**To do:**
Copy the entries below word for word, minus the pictures.
##### Provided material #####
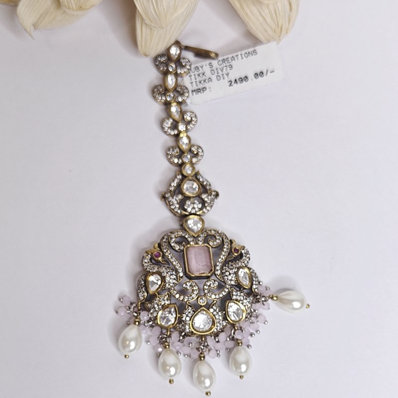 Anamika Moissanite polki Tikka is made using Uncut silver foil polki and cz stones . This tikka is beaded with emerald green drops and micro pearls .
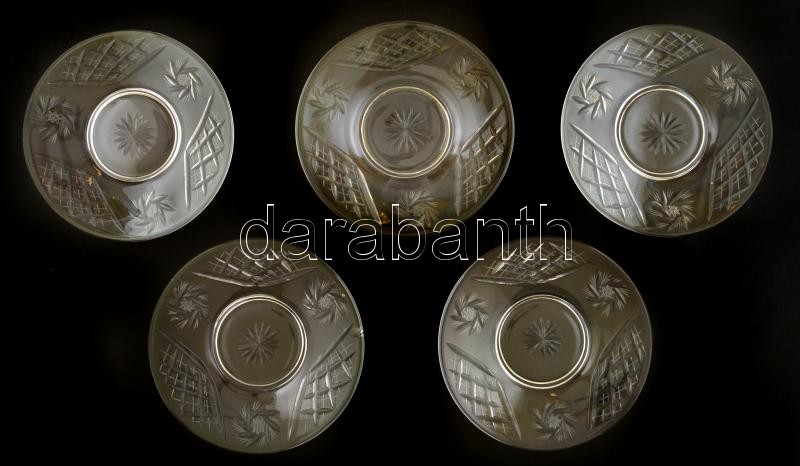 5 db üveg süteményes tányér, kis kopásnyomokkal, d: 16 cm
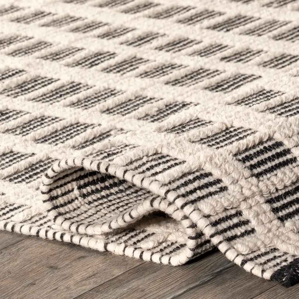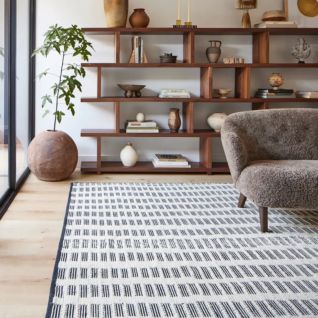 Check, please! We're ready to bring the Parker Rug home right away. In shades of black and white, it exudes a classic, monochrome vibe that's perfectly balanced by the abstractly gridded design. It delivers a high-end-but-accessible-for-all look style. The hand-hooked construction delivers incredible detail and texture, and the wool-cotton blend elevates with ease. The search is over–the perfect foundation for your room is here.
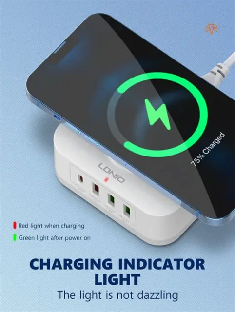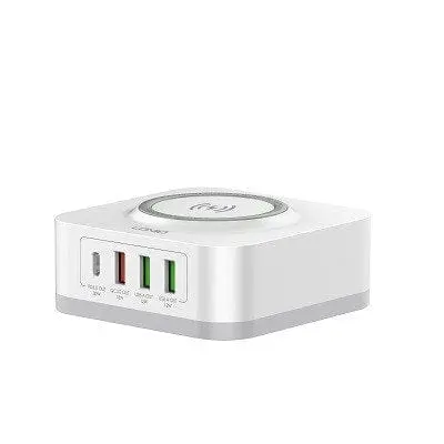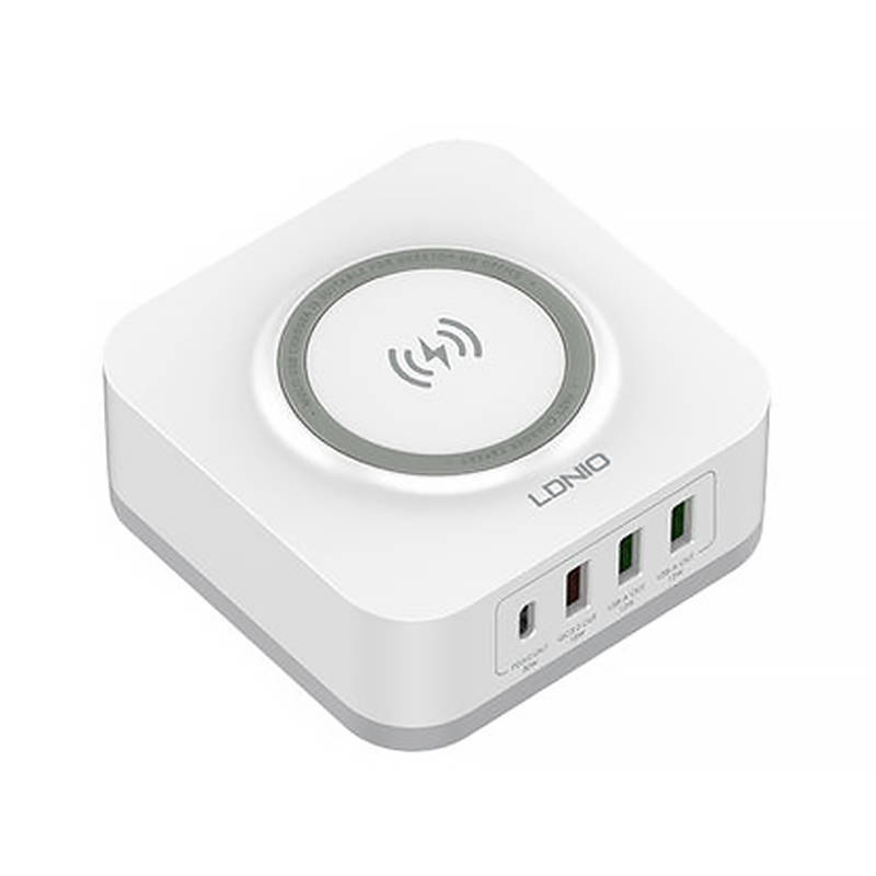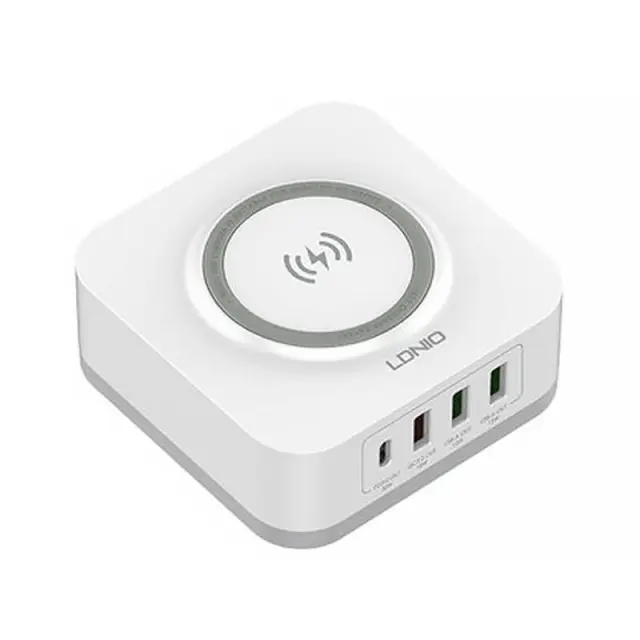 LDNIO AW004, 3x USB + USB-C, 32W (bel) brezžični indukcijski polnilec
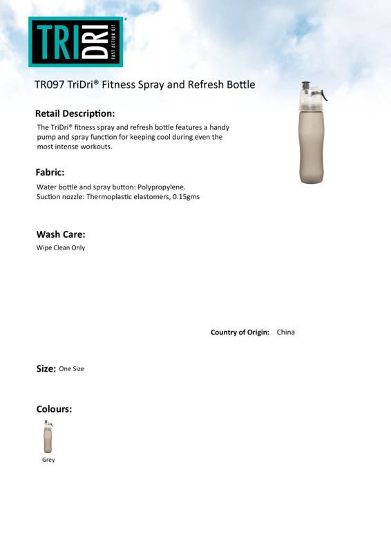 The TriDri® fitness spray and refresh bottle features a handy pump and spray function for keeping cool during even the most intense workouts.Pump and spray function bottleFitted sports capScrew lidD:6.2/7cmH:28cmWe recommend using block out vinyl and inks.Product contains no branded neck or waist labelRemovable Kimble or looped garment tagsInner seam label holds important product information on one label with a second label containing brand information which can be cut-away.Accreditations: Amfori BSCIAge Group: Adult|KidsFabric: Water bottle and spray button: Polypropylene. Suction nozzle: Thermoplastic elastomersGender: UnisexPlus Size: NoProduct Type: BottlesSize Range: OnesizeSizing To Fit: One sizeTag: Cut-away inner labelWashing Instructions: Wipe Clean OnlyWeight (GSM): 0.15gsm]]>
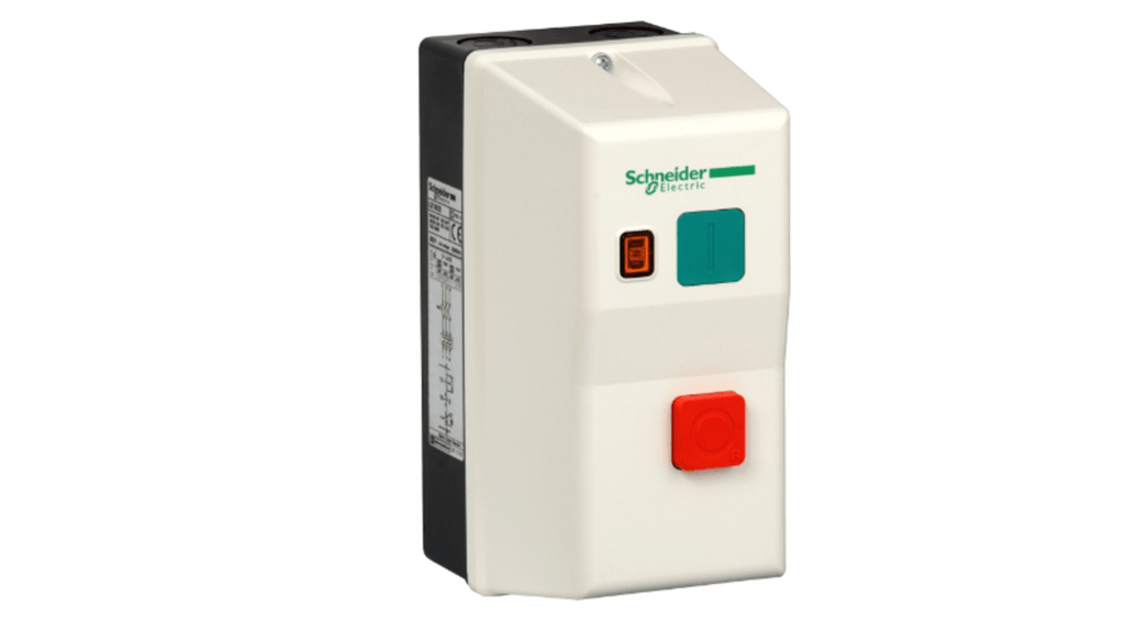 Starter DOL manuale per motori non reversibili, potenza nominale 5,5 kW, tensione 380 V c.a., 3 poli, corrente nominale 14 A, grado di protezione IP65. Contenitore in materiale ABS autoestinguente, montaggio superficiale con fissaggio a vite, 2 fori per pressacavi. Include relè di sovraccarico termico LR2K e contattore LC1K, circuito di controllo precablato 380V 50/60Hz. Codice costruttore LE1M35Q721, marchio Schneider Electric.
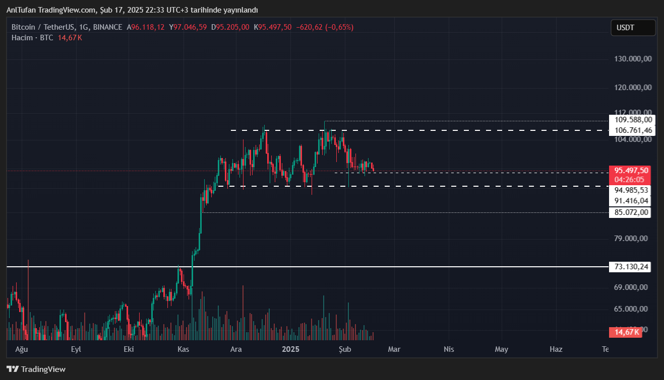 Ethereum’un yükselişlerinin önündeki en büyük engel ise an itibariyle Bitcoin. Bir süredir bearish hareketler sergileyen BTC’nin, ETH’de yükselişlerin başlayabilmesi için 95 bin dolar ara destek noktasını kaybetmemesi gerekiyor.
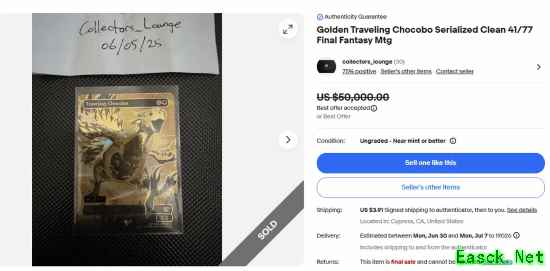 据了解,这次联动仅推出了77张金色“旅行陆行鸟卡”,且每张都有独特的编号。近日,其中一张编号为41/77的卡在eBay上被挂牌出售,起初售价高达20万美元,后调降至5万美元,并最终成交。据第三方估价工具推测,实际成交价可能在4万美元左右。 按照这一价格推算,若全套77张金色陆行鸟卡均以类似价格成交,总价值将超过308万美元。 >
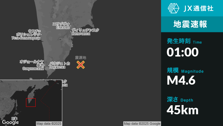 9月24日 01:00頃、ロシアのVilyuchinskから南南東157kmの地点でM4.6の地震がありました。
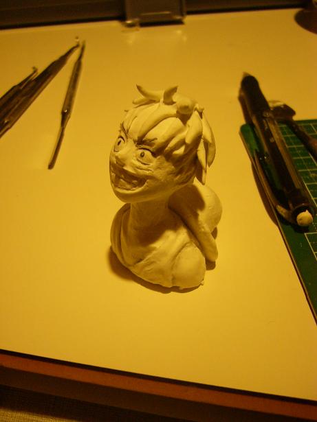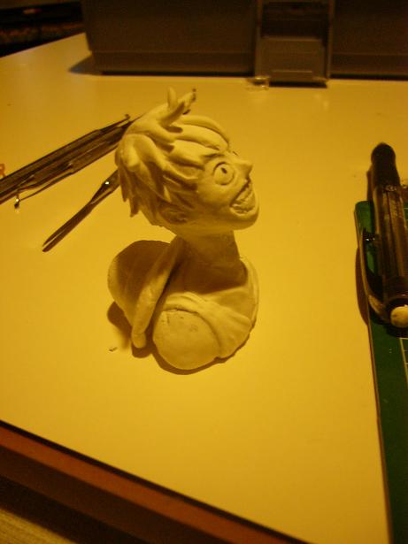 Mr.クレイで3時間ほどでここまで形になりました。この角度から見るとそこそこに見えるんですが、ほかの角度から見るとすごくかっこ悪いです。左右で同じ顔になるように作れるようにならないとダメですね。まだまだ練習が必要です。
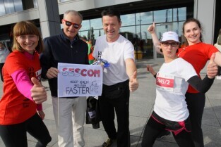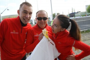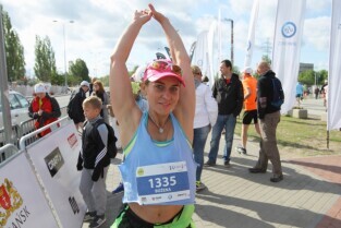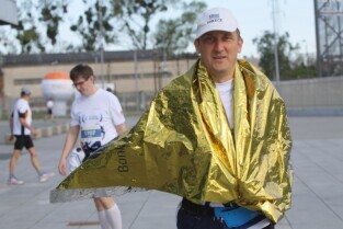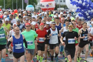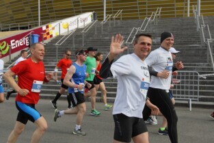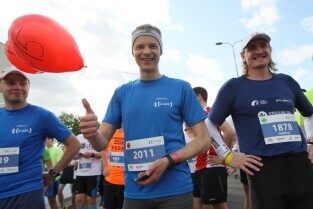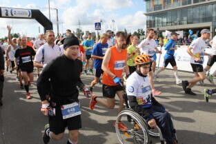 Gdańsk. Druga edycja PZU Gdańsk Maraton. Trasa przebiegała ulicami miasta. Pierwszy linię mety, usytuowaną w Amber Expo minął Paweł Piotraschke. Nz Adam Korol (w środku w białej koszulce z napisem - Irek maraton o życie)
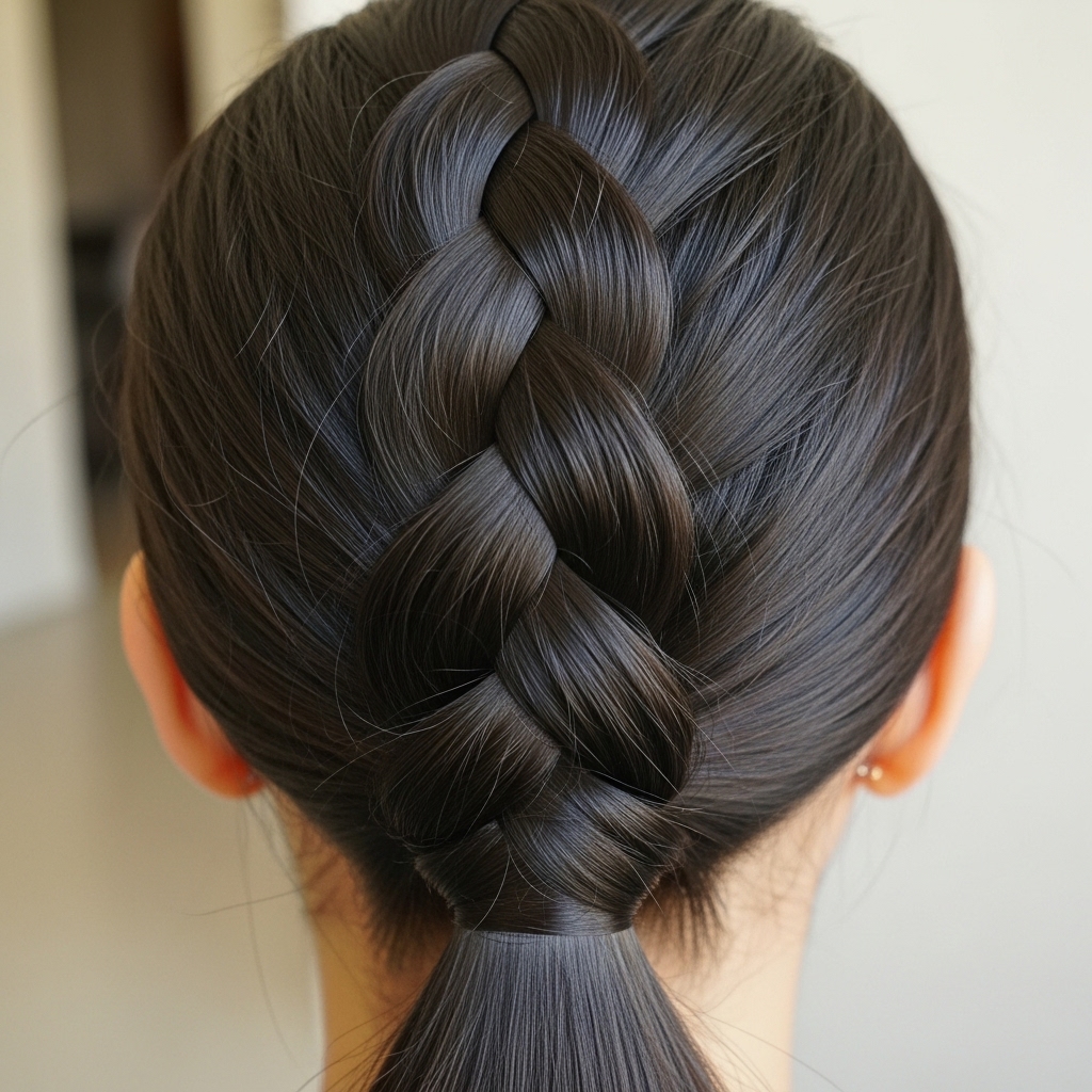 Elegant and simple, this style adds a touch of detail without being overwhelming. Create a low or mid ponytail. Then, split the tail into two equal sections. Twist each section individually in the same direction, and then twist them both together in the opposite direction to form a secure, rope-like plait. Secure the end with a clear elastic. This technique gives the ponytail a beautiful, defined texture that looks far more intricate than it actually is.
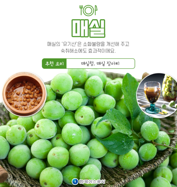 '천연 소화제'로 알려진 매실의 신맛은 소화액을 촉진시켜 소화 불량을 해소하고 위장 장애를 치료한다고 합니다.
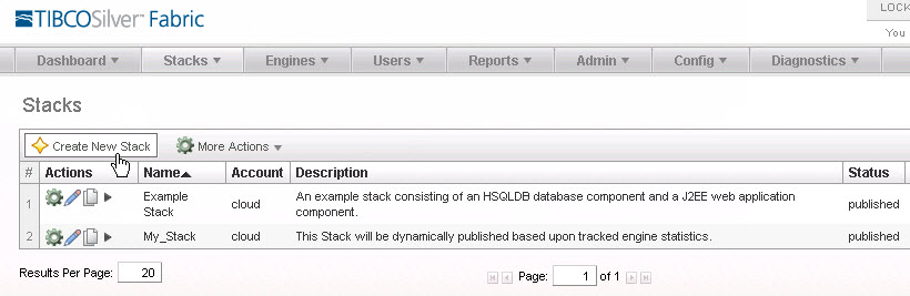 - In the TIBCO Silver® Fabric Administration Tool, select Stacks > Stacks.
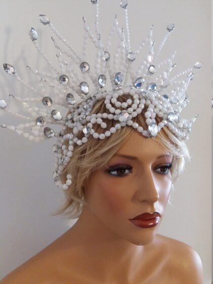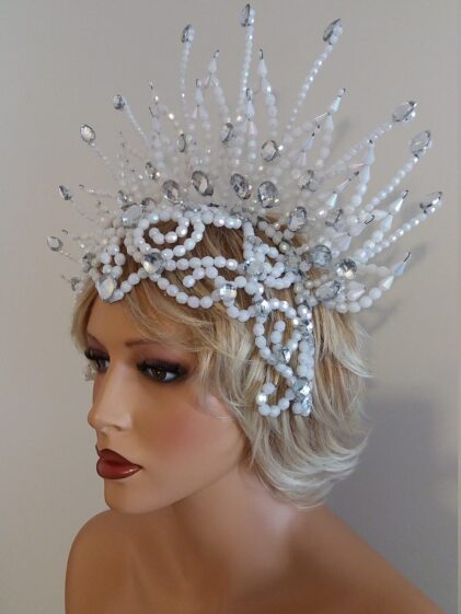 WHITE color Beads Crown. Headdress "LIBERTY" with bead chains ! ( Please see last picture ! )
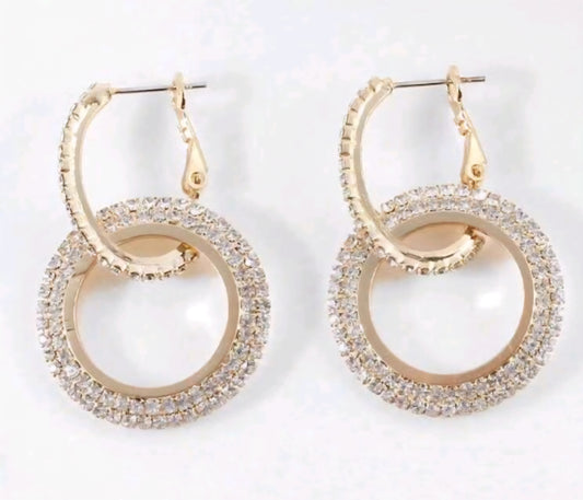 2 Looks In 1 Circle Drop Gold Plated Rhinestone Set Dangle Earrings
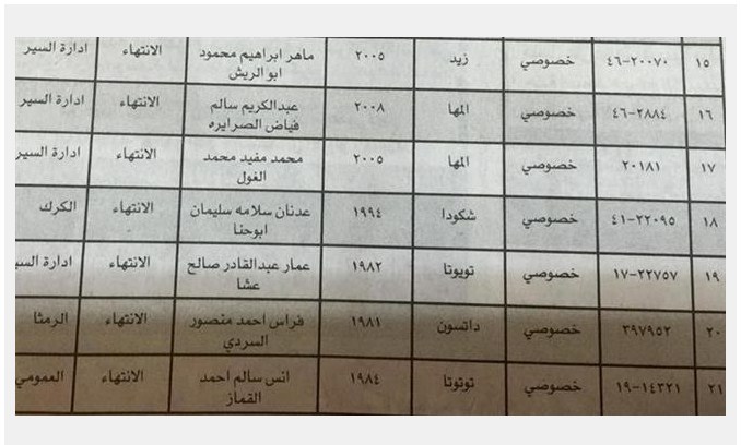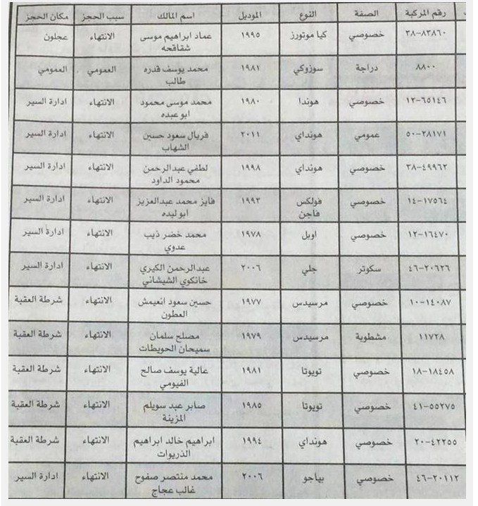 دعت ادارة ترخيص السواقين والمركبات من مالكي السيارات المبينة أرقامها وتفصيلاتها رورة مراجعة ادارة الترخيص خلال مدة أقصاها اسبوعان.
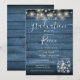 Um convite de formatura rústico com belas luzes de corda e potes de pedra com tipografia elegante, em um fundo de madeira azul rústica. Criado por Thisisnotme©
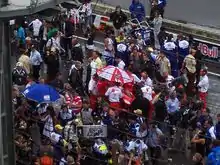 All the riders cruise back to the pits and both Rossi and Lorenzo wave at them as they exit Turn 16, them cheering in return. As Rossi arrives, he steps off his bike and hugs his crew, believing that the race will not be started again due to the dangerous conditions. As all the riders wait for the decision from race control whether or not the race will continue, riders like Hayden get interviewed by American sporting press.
#####
**Task output:**
 Anamika Moissanite polki Tikka is made using Uncut silver foil polki and cz stones . This tikka is beaded with emerald green drops and micro pearls .
 5 db üveg süteményes tányér, kis kopásnyomokkal, d: 16 cm
 Check, please! We're ready to bring the Parker Rug home right away. In shades of black and white, it exudes a classic, monochrome vibe that's perfectly balanced by the abstractly gridded design. It delivers a high-end-but-accessible-for-all look style. The hand-hooked construction delivers incredible detail and texture, and the wool-cotton blend elevates with ease. The search is over–the perfect foundation for your room is here.
 LDNIO AW004, 3x USB + USB-C, 32W (bel) brezžični indukcijski polnilec
 The TriDri® fitness spray and refresh bottle features a handy pump and spray function for keeping cool during even the most intense workouts.Pump and spray function bottleFitted sports capScrew lidD:6.2/7cmH:28cmWe recommend using block out vinyl and inks.Product contains no branded neck or waist labelRemovable Kimble or looped garment tagsInner seam label holds important product information on one label with a second label containing brand information which can be cut-away.Accreditations: Amfori BSCIAge Group: Adult|KidsFabric: Water bottle and spray button: Polypropylene. Suction nozzle: Thermoplastic elastomersGender: UnisexPlus Size: NoProduct Type: BottlesSize Range: OnesizeSizing To Fit: One sizeTag: Cut-away inner labelWashing Instructions: Wipe Clean OnlyWeight (GSM): 0.15gsm]]>
 Starter DOL manuale per motori non reversibili, potenza nominale 5,5 kW, tensione 380 V c.a., 3 poli, corrente nominale 14 A, grado di protezione IP65. Contenitore in materiale ABS autoestinguente, montaggio superficiale con fissaggio a vite, 2 fori per pressacavi. Include relè di sovraccarico termico LR2K e contattore LC1K, circuito di controllo precablato 380V 50/60Hz. Codice costruttore LE1M35Q721, marchio Schneider Electric.
 Ethereum’un yükselişlerinin önündeki en büyük engel ise an itibariyle Bitcoin. Bir süredir bearish hareketler sergileyen BTC’nin, ETH’de yükselişlerin başlayabilmesi için 95 bin dolar ara destek noktasını kaybetmemesi gerekiyor.
 据了解,这次联动仅推出了77张金色“旅行陆行鸟卡”,且每张都有独特的编号。近日,其中一张编号为41/77的卡在eBay上被挂牌出售,起初售价高达20万美元,后调降至5万美元,并最终成交。据第三方估价工具推测,实际成交价可能在4万美元左右。 按照这一价格推算,若全套77张金色陆行鸟卡均以类似价格成交,总价值将超过308万美元。 >
 9月24日 01:00頃、ロシアのVilyuchinskから南南東157kmの地点でM4.6の地震がありました。
 Mr.クレイで3時間ほどでここまで形になりました。この角度から見るとそこそこに見えるんですが、ほかの角度から見るとすごくかっこ悪いです。左右で同じ顔になるように作れるようにならないとダメですね。まだまだ練習が必要です。
 Gdańsk. Druga edycja PZU Gdańsk Maraton. Trasa przebiegała ulicami miasta. Pierwszy linię mety, usytuowaną w Amber Expo minął Paweł Piotraschke. Nz Adam Korol (w środku w białej koszulce z napisem - Irek maraton o życie)
 Elegant and simple, this style adds a touch of detail without being overwhelming. Create a low or mid ponytail. Then, split the tail into two equal sections. Twist each section individually in the same direction, and then twist them both together in the opposite direction to form a secure, rope-like plait. Secure the end with a clear elastic. This technique gives the ponytail a beautiful, defined texture that looks far more intricate than it actually is.
 '천연 소화제'로 알려진 매실의 신맛은 소화액을 촉진시켜 소화 불량을 해소하고 위장 장애를 치료한다고 합니다.
 - In the TIBCO Silver® Fabric Administration Tool, select Stacks > Stacks.
 WHITE color Beads Crown. Headdress "LIBERTY" with bead chains ! ( Please see last picture ! )
 2 Looks In 1 Circle Drop Gold Plated Rhinestone Set Dangle Earrings
 دعت ادارة ترخيص السواقين والمركبات من مالكي السيارات المبينة أرقامها وتفصيلاتها رورة مراجعة ادارة الترخيص خلال مدة أقصاها اسبوعان.
 Um convite de formatura rústico com belas luzes de corda e potes de pedra com tipografia elegante, em um fundo de madeira azul rústica. Criado por Thisisnotme©
 All the riders cruise back to the pits and both Rossi and Lorenzo wave at them as they exit Turn 16, them cheering in return. As Rossi arrives, he steps off his bike and hugs his crew, believing that the race will not be started again due to the dangerous conditions. As all the riders wait for the decision from race control whether or not the race will continue, riders like Hayden get interviewed by American sporting press.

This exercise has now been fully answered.